The disgraced ex-governor and current mayoral candidate has proposed banning middle-income tenants from rent-stabilized apartments. Specifically, under Cuomo’s proposal, prospective tenants wouldn’t be allowed to rent a rent-stabilized unit unless they could prove that the rent would eat up at least 30 percent of their household income. In a city where 41 percent of all apartments are rent-stabilized, this would take over one million apartments off the table for many tenants.
So why do this? Cuomo purports to believe that too many rich people are occupying rent-stabilized apartments. Specifically, he’s got a bee in his bonnet about Zohran Mamdani, who lives in a rent-stabilized $2,300 one-bedroom apartment in Astoria. Cuomo thinks Zohran, who earns a good living as a state legislator — is too rich for that unit.

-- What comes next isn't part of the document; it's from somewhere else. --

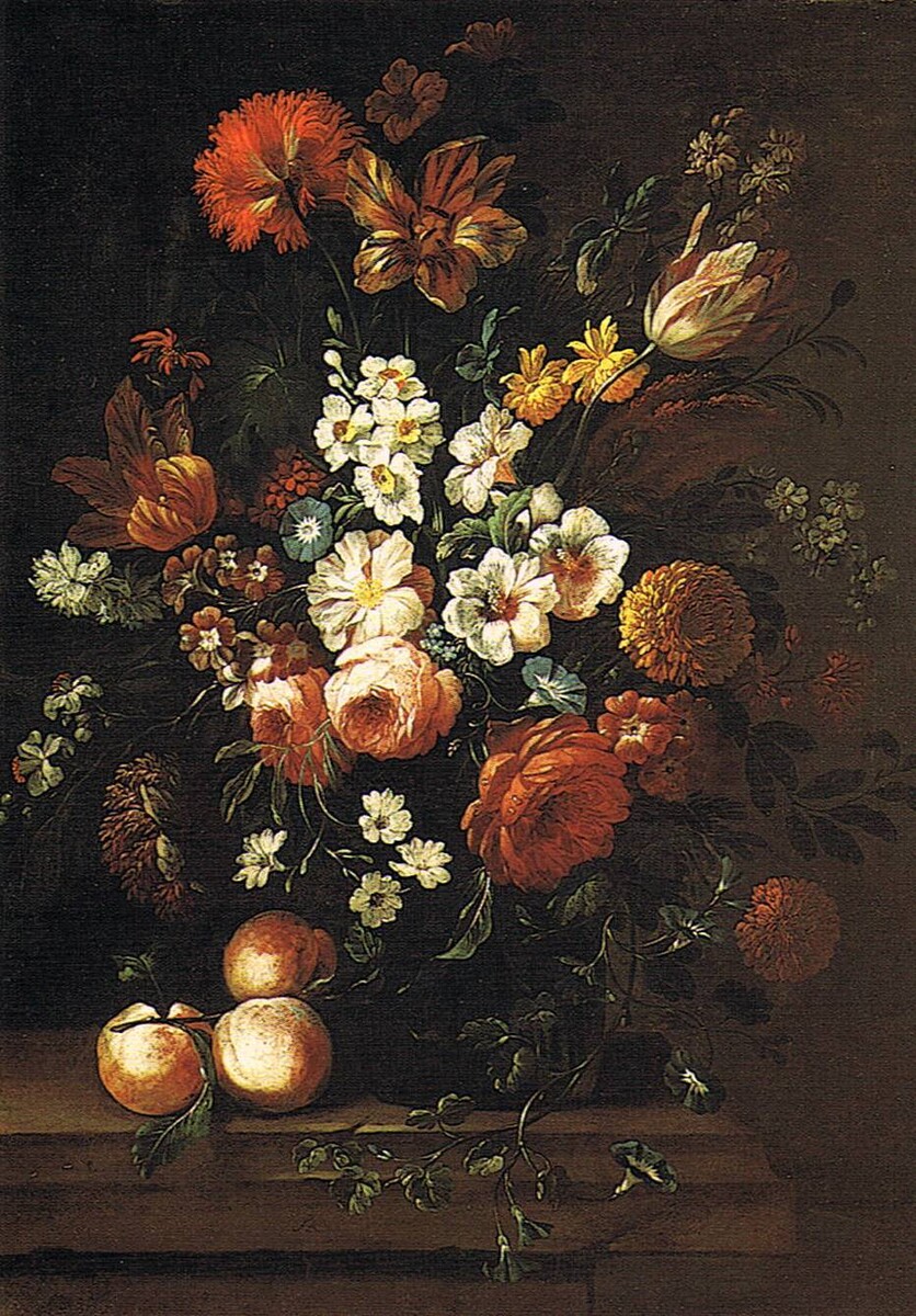 A still life with flowers in a glass vase with a hoopoe, plums and a bunch of grapes

Tenants may question whether Cuomo has their best interests at heart. After all, Cuomo, whose campaign is being bankrolled by landlords, has an awful record on tenant issues. As governor, he oversaw the loss of nearly one hundred thousand rent-stabilized units as predatory landlords removed them from the system, all while colluding with Republicans to keep the state senate in deep-blue New York in Republican hands for a decade.
If it were up to Cuomo, rent stabilization in the city would be on its way out the door. Thankfully, a tidal wave of progressive activism during Donald Trump’s first term brought Democrats to power in the state senate, and the governor was forced to sign a rent law reform package that stopped the bleeding. (He now says he regrets allowing it to become law.)
History aside, though, is Cuomo’s idea a good one? Let’s consider an example. Imagine a young couple living in Washington Heights. He’s a nurse making $80,000 a year, and she’s a traffic cop making $70,000, so together they earn $150,000 — not too bad. They love their neighborhood, but they’re thinking of starting a family and they need a bigger place. So they’re delighted when they hear about a rent-stabilized two-bedroom apartment in the neighborhood for $3,500 a month. (A note for out-of-town readers: $3,500 for a two-bedroom may sound absurd, extortionate, even criminal to you, but you’ll have to trust me that in New York City, a $3,500 rent-stabilized two-bedroom in Washington Heights is the middle-class dream.)
In Cuomo’s New York, they won’t be able to: This nurse-cop couple is just too rich. If they rented this place, after all, they’d only be paying 28 percent of their annual income, $42,000 a year, to their landlord — so they wouldn’t qualify.
But it’s worse than that. Washington Heights is a very rent-stabilized neighborhood; exact current numbers today are hard to come by, but 87 percent of rental units in the area were rent-stabilized as of 2014. It’s not just that our couple can’t rent this apartment — they’ll struggle to find any apartment in Washington Heights. In a city with a 1 percent vacancy rate, where Cuomo has made it illegal for them to rent 87 percent of the apartments in their neighborhood, they’re shit out of luck.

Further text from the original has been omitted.